Por outro lado, Charles G. Finney (1792-1875) tem sido objeto de extensiva abordagem biográfica. Considerado o pai do avivalismo moderno, Charles Finney representa o marco divisor na mudança do calvinismo para o arminianismo como a teologia predominante no evangelismo. Conservadores gostam muito de Charles Finney por causa de seu zelo evangelístico, e liberais se referem com orgulho ao envolvimento de Finney na reforma social. Mark A. Noll considera Charles Finney “a figura crucial no evangelicalismo dos norte-americanos brancos, depois de Jonathan Edwards”, tendo impacto mais duradouro do que Ralph Waldo Emerson, Daniel Webster e Horace Mann, na vida da nação emergente.
O legado de Charles Finney moldou, em muitos aspectos, a teologia e a metodologia do evangelismo, em especial o evangelismo dos batistas do Sul. A publicação das obras mais importantes de Finney, Lectures on Revivals of Religion (Palestras em Avivamentos da Religião) e Lectures on Systematic Theology (Palestras em Teologia Sistemática), causaram um impacto no evangelismo que se estende até aos nossos dias. A ênfase dos batistas do Sul nas cruzadas simultâneas, na preparação das cruzadas e no sistema de apelo público e a utilização de reuniões de avivamento como estratégia podem ser atribuídas à considerável influência de Charles Finney sobre o evangelicalismo de seus dias.
Este artigo afirma o ponto de vista de que a crença de uma denominação, uma igreja ou uma pessoa a respeito da salvação está diretamente relacionada ao evangelismo que elas praticam.
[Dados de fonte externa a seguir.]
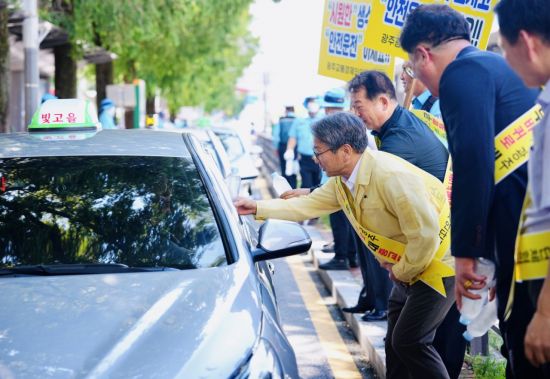 강기정 광주시장이 29일 오후 유스퀘어 광장 앞 시내버스 택시 하차장에서 연일 계속되는 폭염에 시달리는 운수종사자들에게 생수를 전달하고 있다. 이날 캠페인은 (사)광주교통경제인단체협의회가 주최·주관했으며, 협의회 회원, 버스조합, 개인택시조합 관계자 등 30여명이 참여했다. 광주시 제공
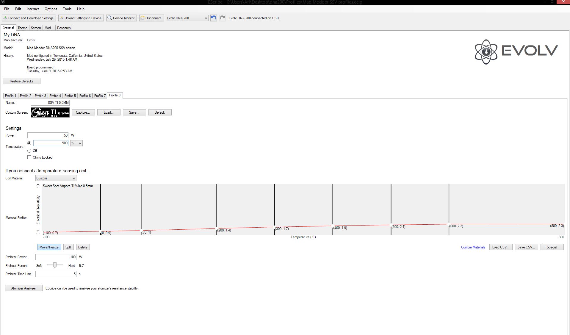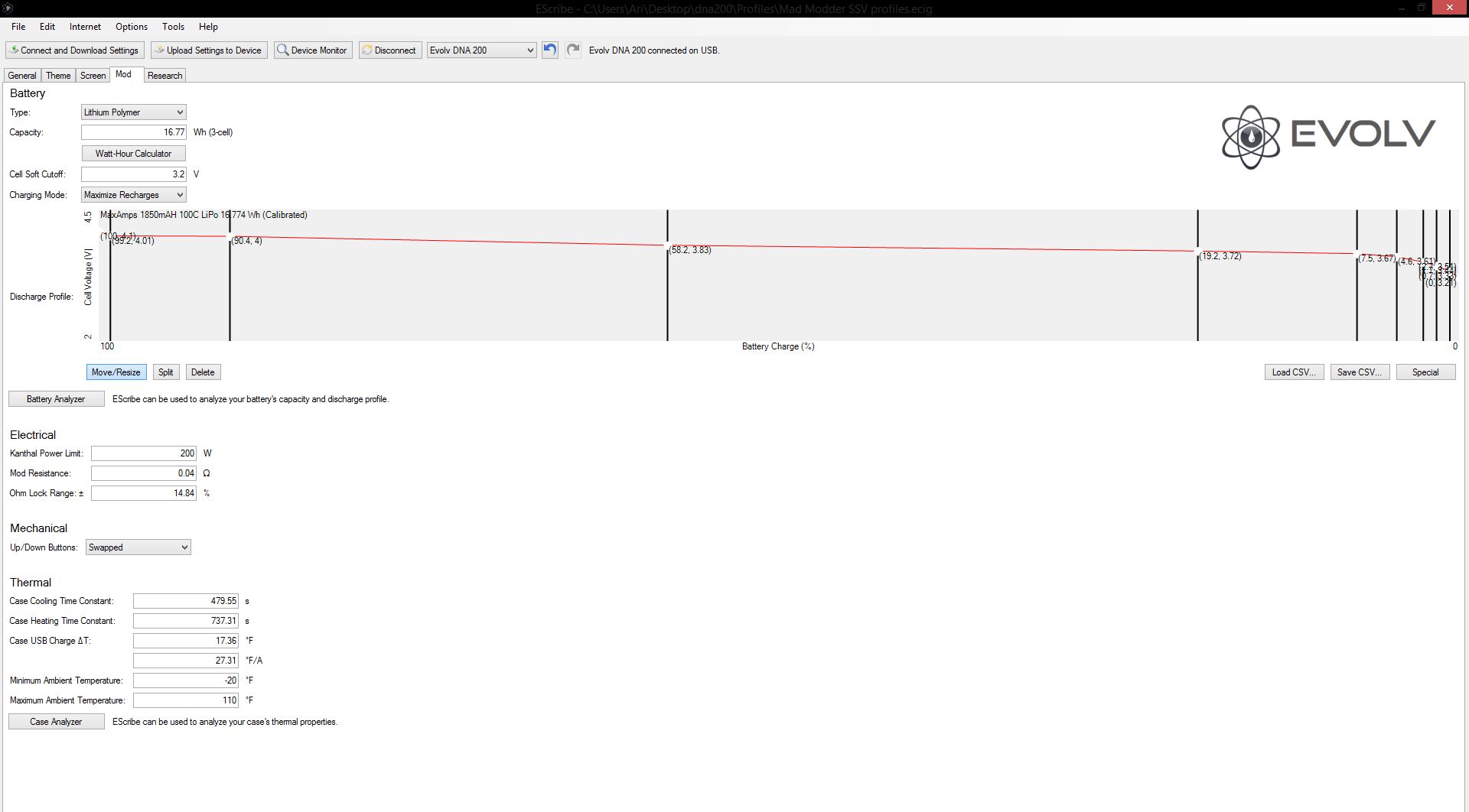 The csv is only the tip of the iceberg in our calibration.....the csv is in "beta" with the rest of the cals....what we are doing is not only providing TFR curves for each wire, but also mod resistance nulls, case thermal calibrations, battery calibrations etc.....they are all packed into the production utility which will all go live on our site (custom screens and all) as soon as beta is confirmed....it's not as simple as just passing out a CSV file, it's ensuring that the mod resistance etc is nulled, and packaging everything into production utility, and being able to offer some form of support/warranty that the fundamental changes aren't going to void a warranty form manufacturer etc....if anyone wants the beta package I'm happy to provide it, but it's a use at your own risk situation for another week or two.... you can feel free to PM me or if evolv wants to open up a section for us to drop the files into a database, for download, I am fine with that.... keep in mind this is being done as a "free of charge courtesy" for our customers, so I don't think it's quite fair to be too demanding about the project (we are def doing our best for our customers though).....as we have spent a very large sum of resources (equipment, time money etc) into providing this as a "free" service.....and frankly I don't see anyone else doing it (this way, specific to their wire)....our goal is to support not only the wire, but our wire WITH ALL dna200 3rd party mods....simple TFR curves don't completely calibrate the device.....I would ultimately like to see a section on our webpage, that has a discreet installer package, to "convert" each 3rd party mod to an "SSV edition"....that has a sample device as a known point of reference (for accuracy)....I.E. Ronnies, Mad Modder DNA200 will be the first complete "installer/package". It basically assures the device is accurate in a specific application (with each of our wire products). So as we acquire 3rd party sample/reference boxes, we can add to that list of supported devices....I understand that a lot of people who are here are more tech savvy, and all they need is csv data.....but we have been giving out beta files for a week or so now, and are quickly discovering your average vaper is going to have a lot of trouble with eScribe (when all they want to do is "make it work and vape"). With the production installer utility, and our package (.ECIGp file) we can assure that if an end user gets in "trouble" they can always go back to defaults, and those defaults will be our own in house "guaranteed calibrations/datasets"... Please be patient, as not only is this an engineering effort, but also an effort to work directly with manufacturers, to fully support each specific dna200 mod that comes out.... here are the beta packages for mad modder dna200 box....
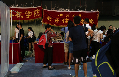 2015级辅导员李军华老师就带领研分会的同学们前往迎新报到现场为同学们准备好了报到所需的材料。9月12日早上8:00,报到工作正式开始,2017级新生陆续来到位于体育馆负一楼的报到点进行注册报到。今年小欧视频
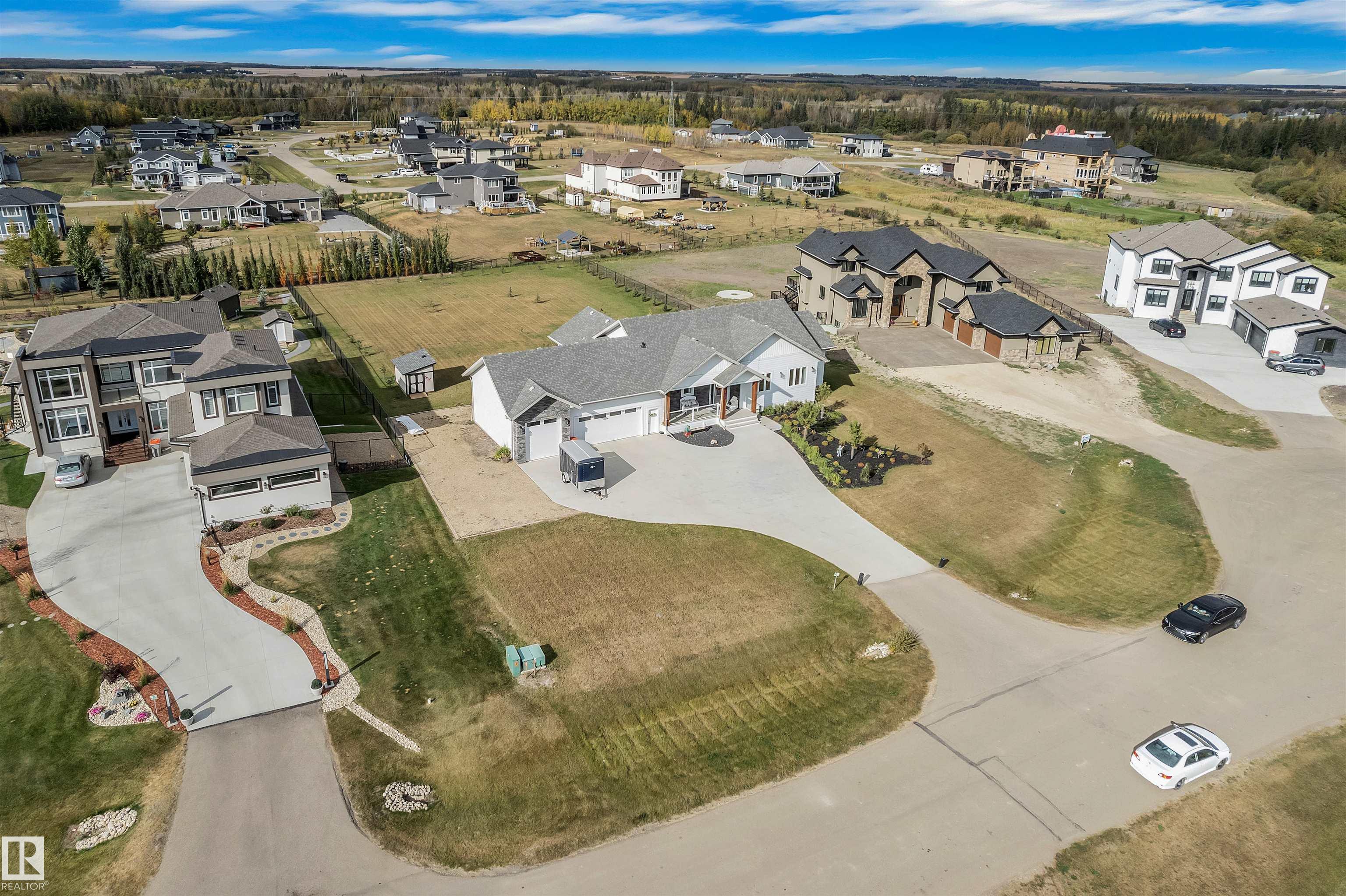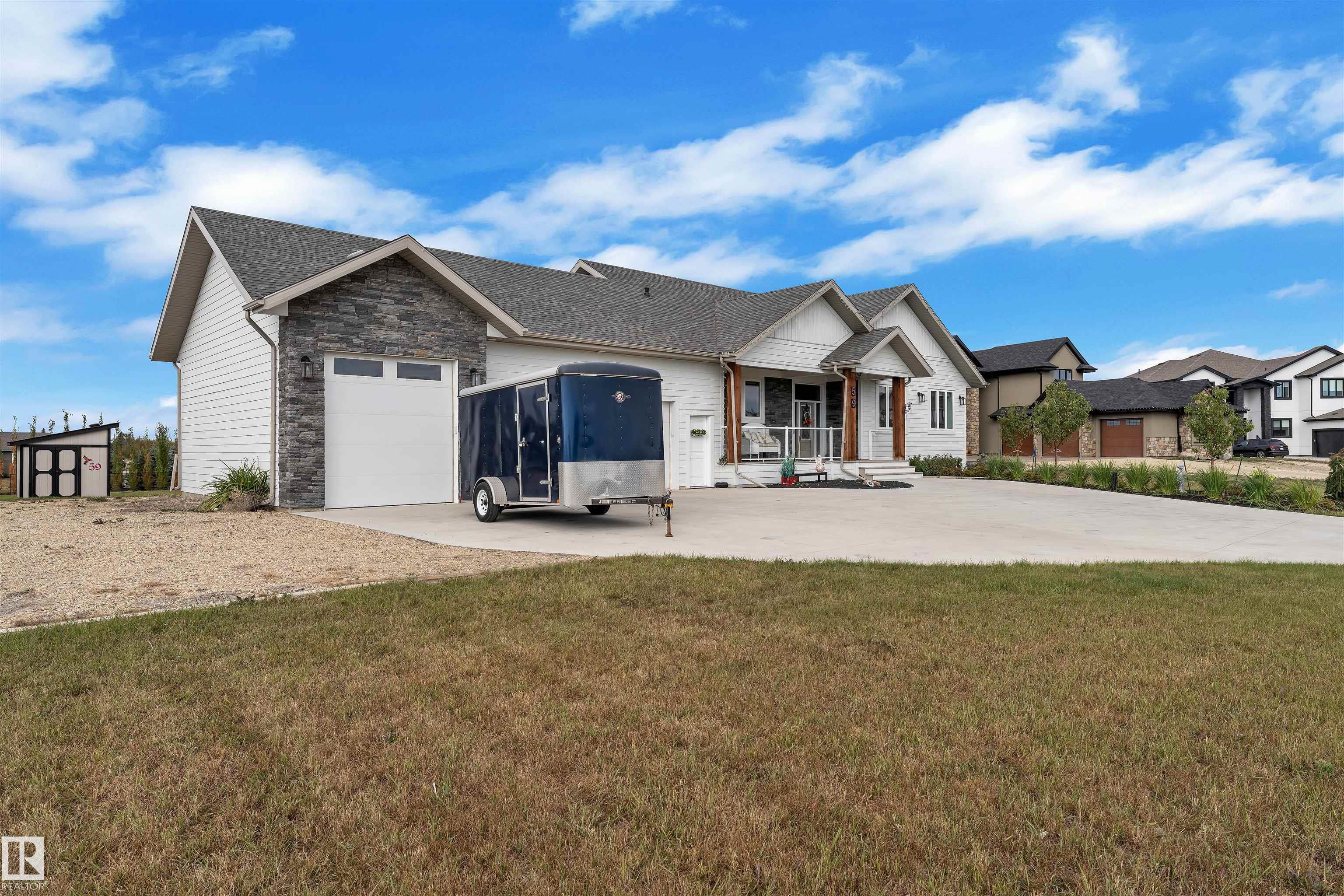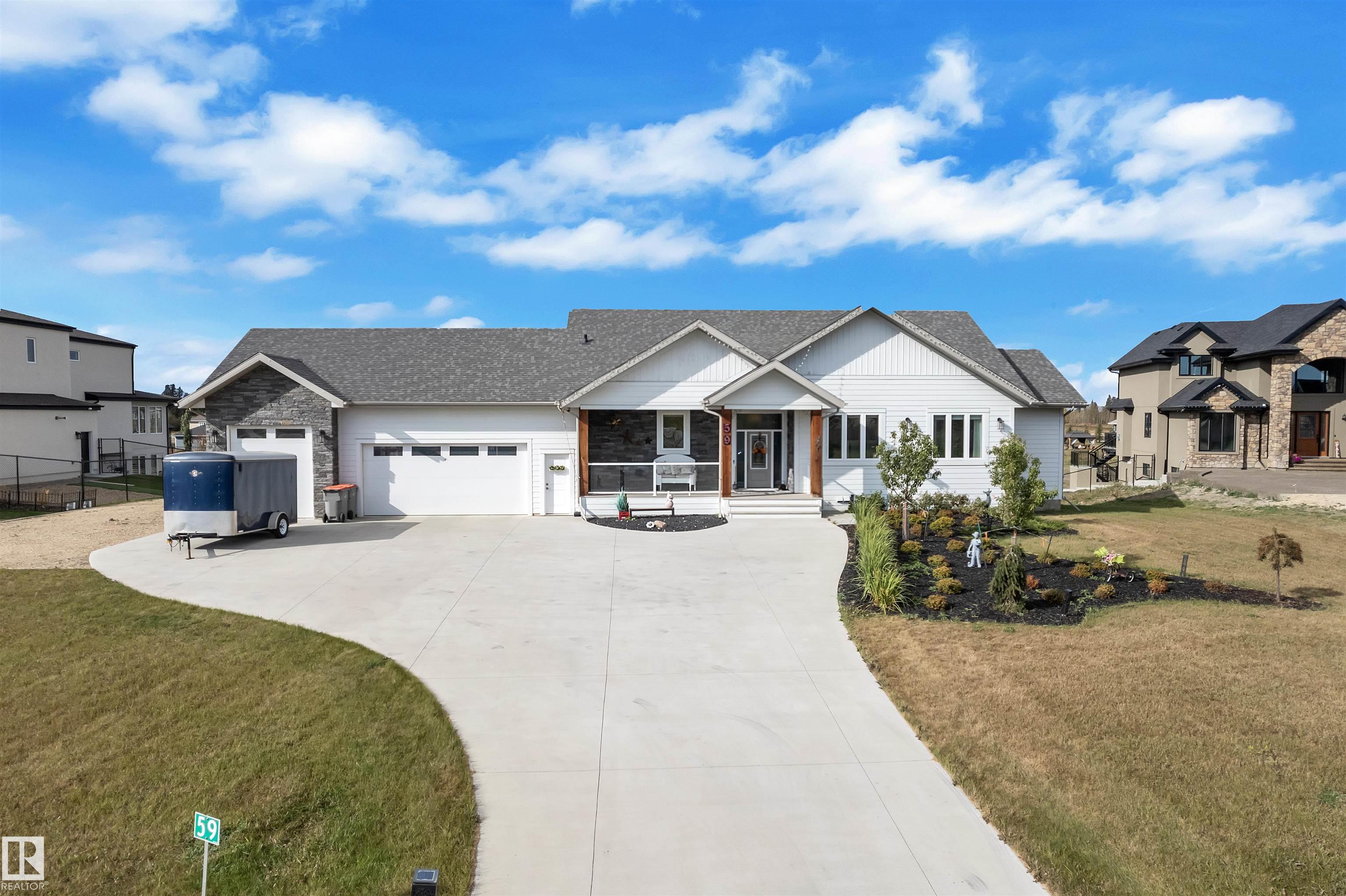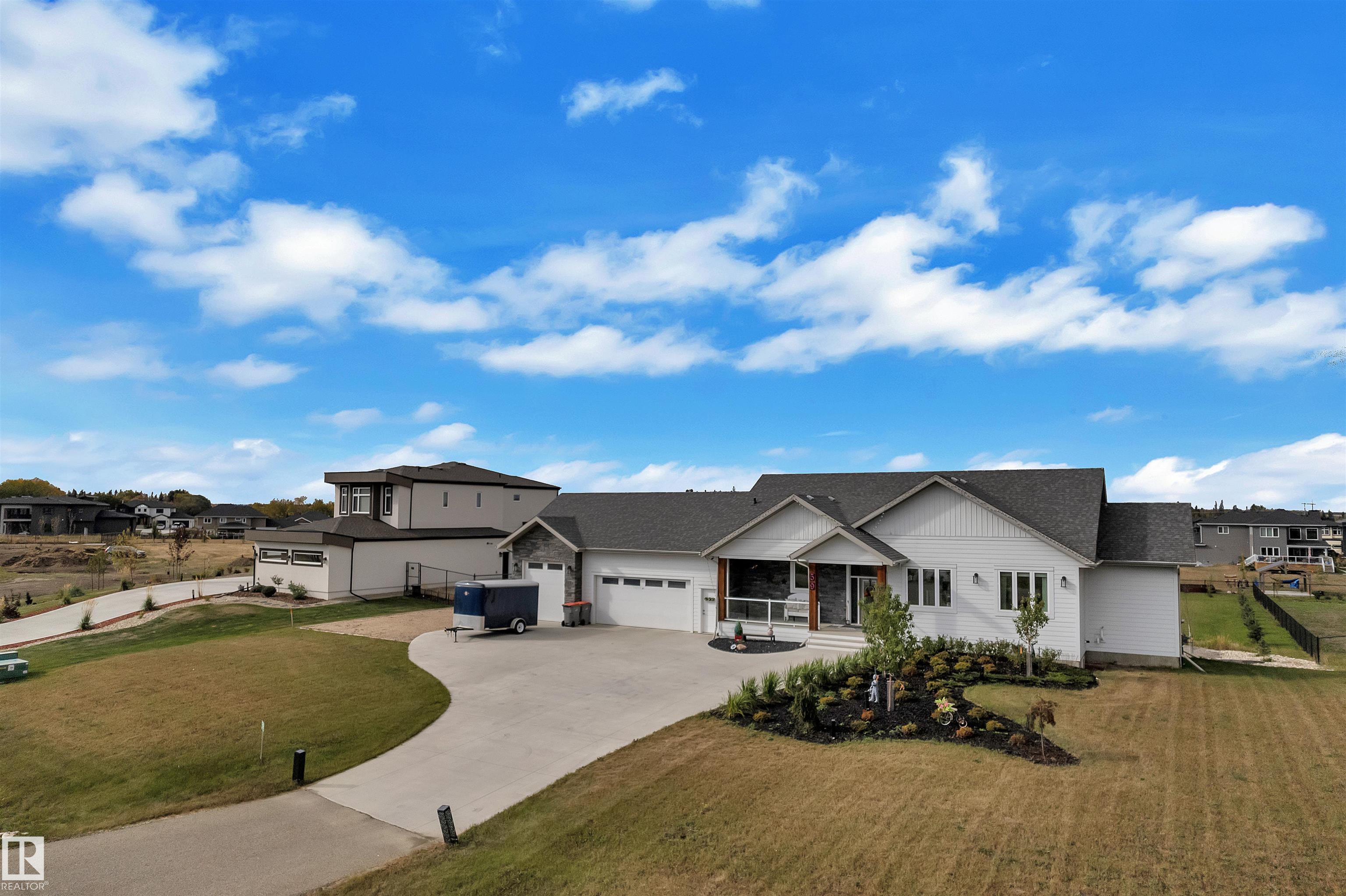 Custom built walk out bungalow on a prime cul-de-sac lot in Spring Meadow Estates. 10 feet ceiling on main floor. Great open floor plan with a modern finishes, center island, Granite counter, large double fridge/freezer opening , walk through pantry, Dining area with garden door to covered deck, living room with gas fireplace , Hardwood floors and high flat finished ceilings. Master bedroom with 5 piece ensuite and a walk in closet. 2 additional bedrooms, mudroom / Laundry room off garage entrance. Fully developed walkout basement with a huge family room, 2 bedrooms , 4 pc bath and a large storage/Furnace room. Home is finished with top quality throughout including hardwood, full Led lighting package, vinyl plank in basement, Concrete , Hardie plank and stone exterior. Concrete patio at the back & Heated triple garage. 8 minutes to Edmonton & Spruce Grove.

A soteriologia molda a metodologia de evangelismo. O pressuposto é que a sã doutrina da salvação deve produzir uma prática correta de evangelismo.
O avivalismo de Asahel Nettleton — centralizado em Deus
Seguindo a linha teológica de Jonathan Edwards, que enfatizava a responsabilidade humana na perspectiva calvinista sobre o mundo, Asahel Nettleton representava o aprimorado calvinismo da Nova Inglaterra de seus dias. Enquanto se apegava firmemente a cada um dos artigos do Sínodo de Dort (também conhecidos como os Cinco Pontos do Calvinismo), conforme o entenderam os teólogos que o antecederam na Nova Inglaterra (Jonathan Edwards, Joseph Bellamy e Timothy Dwight), Asahel Nettleton acreditava, antes e acima de tudo, que seu sistema de doutrina era fiel à verdadeira revelação bíblica.
As crenças de Asahel Nettleton podem ser resumidas nas seguintes afirmações. O homem, sendo totalmente depravado em sua natureza e escolha, não pode salvar a si mesmo. Pela graça de Deus, alguns foram escolhidos para a vida eterna. Para os eleitos por Deus, o Senhor Jesus realizou uma expiação penal e vicária em favor dos pecados deles, na cruz. O eleito, por quem Jesus morreu, será atraído pela triunfante graça de Deus ao arrependimento e à fé salvadora em Cristo. Eles serão preservados por Deus para a salvação eterna.
Os seres humanos têm de ser regenerados por Deus e precisam ter sua natureza humana transformada, antes que se arrependam e confiem em Cristo para a salvação. Na teologia de Nettleton, a capacidade humana de reagir em cada etapa da salvação provém de um ato soberano de Deus. A menos que Deus o impulsione, o homem permanecerá desesperadamente perdido.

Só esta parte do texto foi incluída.